● What to produce
The expected output is the data below, character for character, without its pictures.

● Dataset content
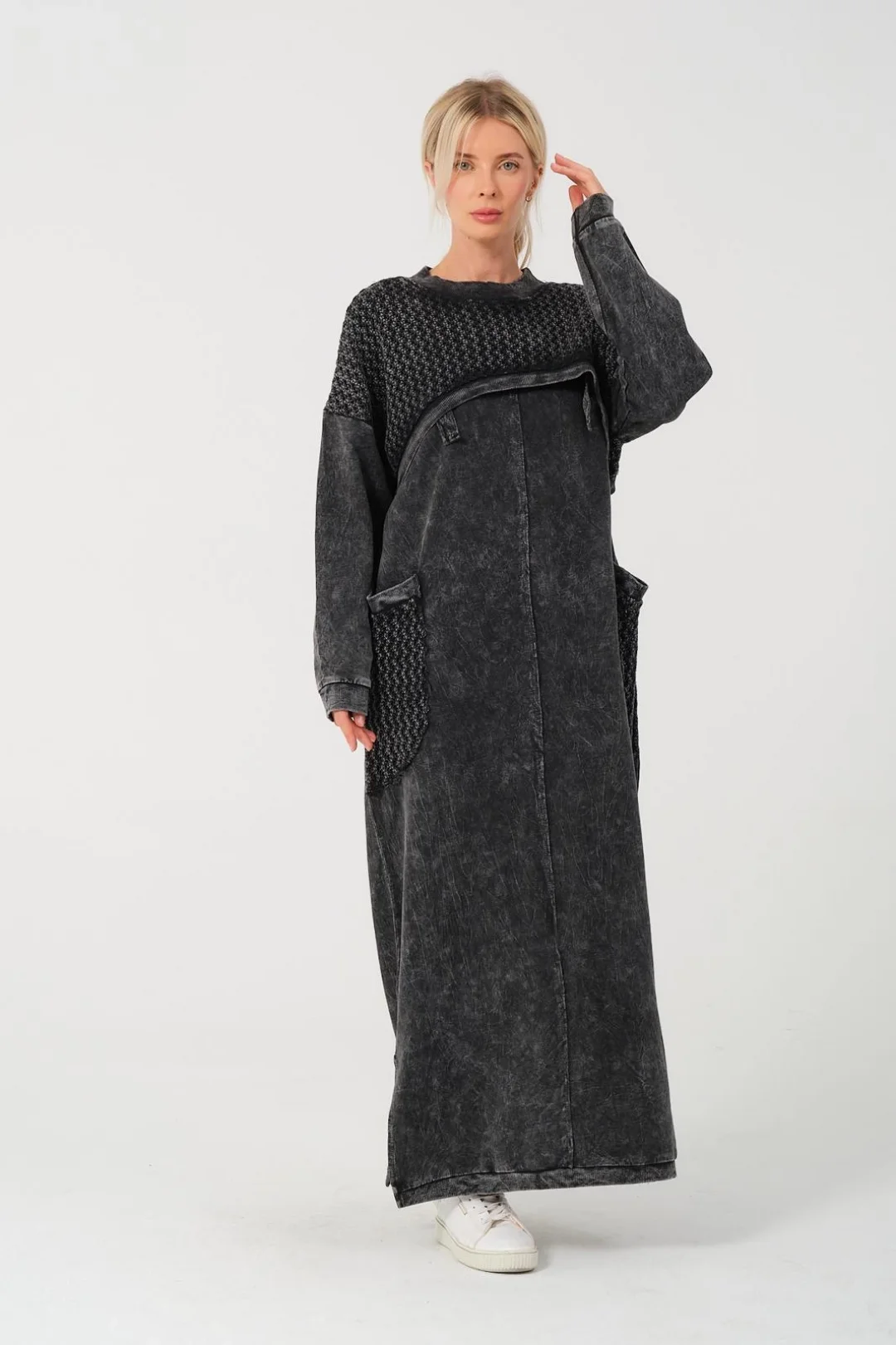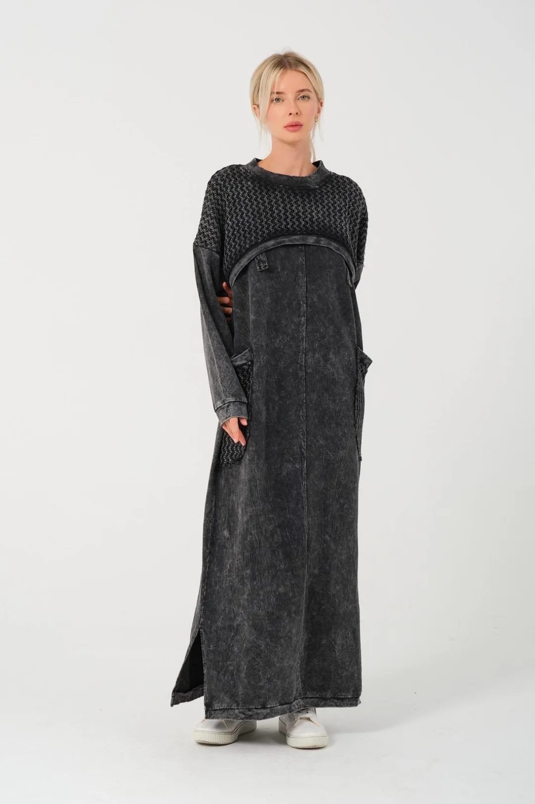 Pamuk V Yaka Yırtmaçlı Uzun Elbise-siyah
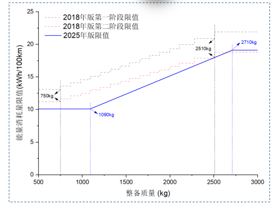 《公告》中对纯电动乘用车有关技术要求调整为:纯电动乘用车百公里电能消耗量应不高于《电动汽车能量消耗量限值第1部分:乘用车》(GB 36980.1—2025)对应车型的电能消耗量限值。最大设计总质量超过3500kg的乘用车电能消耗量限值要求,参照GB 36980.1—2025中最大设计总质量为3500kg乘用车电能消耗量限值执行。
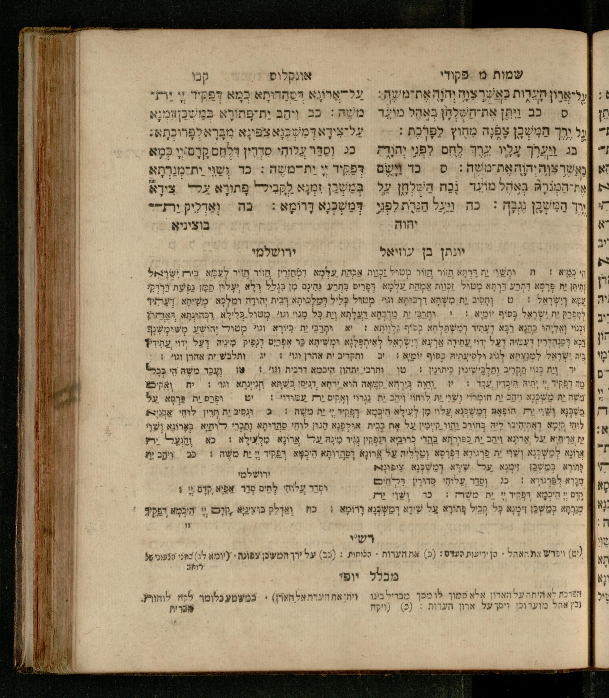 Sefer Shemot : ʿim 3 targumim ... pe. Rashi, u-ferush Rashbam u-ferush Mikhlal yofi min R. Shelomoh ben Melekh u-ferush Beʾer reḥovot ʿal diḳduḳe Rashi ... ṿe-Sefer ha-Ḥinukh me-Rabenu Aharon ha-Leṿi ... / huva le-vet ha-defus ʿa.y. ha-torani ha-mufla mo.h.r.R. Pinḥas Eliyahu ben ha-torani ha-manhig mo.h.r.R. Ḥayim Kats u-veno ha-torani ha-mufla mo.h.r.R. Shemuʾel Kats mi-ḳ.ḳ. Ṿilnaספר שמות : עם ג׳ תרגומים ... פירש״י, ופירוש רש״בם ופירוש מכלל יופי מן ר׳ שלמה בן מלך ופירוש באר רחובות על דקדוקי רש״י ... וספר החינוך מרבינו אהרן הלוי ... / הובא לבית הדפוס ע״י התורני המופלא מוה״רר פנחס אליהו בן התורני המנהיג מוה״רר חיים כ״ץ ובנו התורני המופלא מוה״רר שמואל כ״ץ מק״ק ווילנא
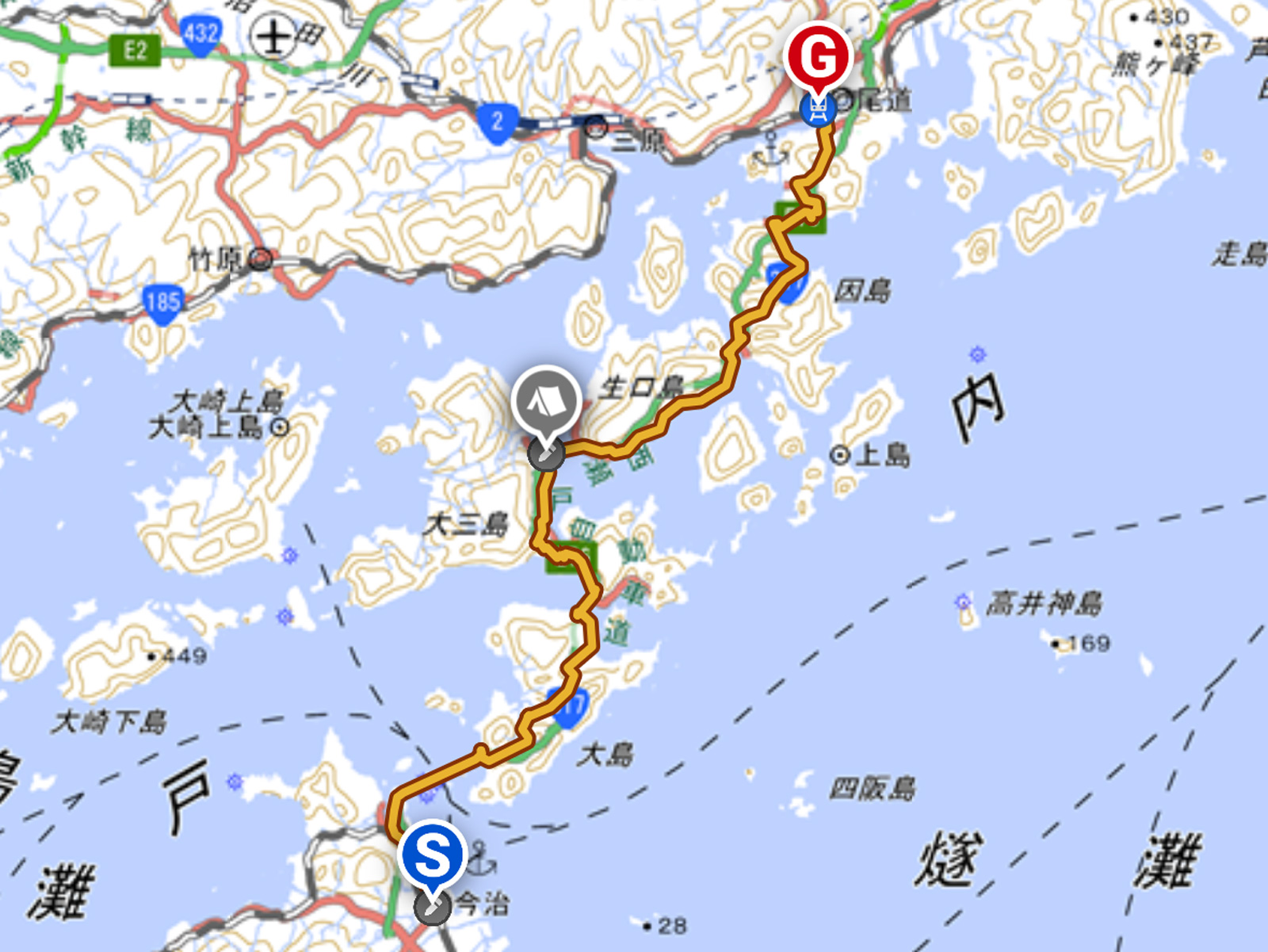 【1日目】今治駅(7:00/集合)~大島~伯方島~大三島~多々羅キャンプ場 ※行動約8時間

● Output of the exercise
 Pamuk V Yaka Yırtmaçlı Uzun Elbise-siyah
 《公告》中对纯电动乘用车有关技术要求调整为:纯电动乘用车百公里电能消耗量应不高于《电动汽车能量消耗量限值第1部分:乘用车》(GB 36980.1—2025)对应车型的电能消耗量限值。最大设计总质量超过3500kg的乘用车电能消耗量限值要求,参照GB 36980.1—2025中最大设计总质量为3500kg乘用车电能消耗量限值执行。
 Sefer Shemot : ʿim 3 targumim ... pe. Rashi, u-ferush Rashbam u-ferush Mikhlal yofi min R. Shelomoh ben Melekh u-ferush Beʾer reḥovot ʿal diḳduḳe Rashi ... ṿe-Sefer ha-Ḥinukh me-Rabenu Aharon ha-Leṿi ... / huva le-vet ha-defus ʿa.y. ha-torani ha-mufla mo.h.r.R. Pinḥas Eliyahu ben ha-torani ha-manhig mo.h.r.R. Ḥayim Kats u-veno ha-torani ha-mufla mo.h.r.R. Shemuʾel Kats mi-ḳ.ḳ. Ṿilnaספר שמות : עם ג׳ תרגומים ... פירש״י, ופירוש רש״בם ופירוש מכלל יופי מן ר׳ שלמה בן מלך ופירוש באר רחובות על דקדוקי רש״י ... וספר החינוך מרבינו אהרן הלוי ... / הובא לבית הדפוס ע״י התורני המופלא מוה״רר פנחס אליהו בן התורני המנהיג מוה״רר חיים כ״ץ ובנו התורני המופלא מוה״רר שמואל כ״ץ מק״ק ווילנא
 【1日目】今治駅(7:00/集合)~大島~伯方島~大三島~多々羅キャンプ場 ※行動約8時間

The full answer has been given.